EXERCISE AIM -> Examine the material below. Gather every line in which the string "with" appears.

SOURCE DATA ->
■ ■ ■ ■ ■ ■ ■
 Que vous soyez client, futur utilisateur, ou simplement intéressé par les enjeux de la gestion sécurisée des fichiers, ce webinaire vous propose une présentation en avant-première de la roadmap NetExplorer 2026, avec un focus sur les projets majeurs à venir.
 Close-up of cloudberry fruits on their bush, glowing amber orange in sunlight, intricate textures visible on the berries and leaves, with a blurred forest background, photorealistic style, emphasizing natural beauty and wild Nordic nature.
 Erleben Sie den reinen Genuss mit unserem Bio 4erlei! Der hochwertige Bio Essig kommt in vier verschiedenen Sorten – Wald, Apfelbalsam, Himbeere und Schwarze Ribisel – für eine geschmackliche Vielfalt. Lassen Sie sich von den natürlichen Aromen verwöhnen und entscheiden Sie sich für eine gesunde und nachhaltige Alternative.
■ ■ ■ ■ ■ ■ ■
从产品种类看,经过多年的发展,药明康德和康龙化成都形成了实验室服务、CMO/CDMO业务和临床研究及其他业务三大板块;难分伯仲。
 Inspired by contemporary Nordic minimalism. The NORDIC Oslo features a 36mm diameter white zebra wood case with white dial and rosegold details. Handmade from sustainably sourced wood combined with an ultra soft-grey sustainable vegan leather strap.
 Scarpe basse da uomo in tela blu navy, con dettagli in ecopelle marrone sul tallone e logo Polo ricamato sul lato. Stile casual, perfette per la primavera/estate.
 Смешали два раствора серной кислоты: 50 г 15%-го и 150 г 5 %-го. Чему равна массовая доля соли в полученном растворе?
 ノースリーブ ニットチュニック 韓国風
■ ■ ■ ■ ■ ■ ■
ANSWER BELOW ->
 Close-up of cloudberry fruits on their bush, glowing amber orange in sunlight, intricate textures visible on the berries and leaves, with a blurred forest background, photorealistic style, emphasizing natural beauty and wild Nordic nature.
 Inspired by contemporary Nordic minimalism. The NORDIC Oslo features a 36mm diameter white zebra wood case with white dial and rosegold details. Handmade from sustainably sourced wood combined with an ultra soft-grey sustainable vegan leather strap.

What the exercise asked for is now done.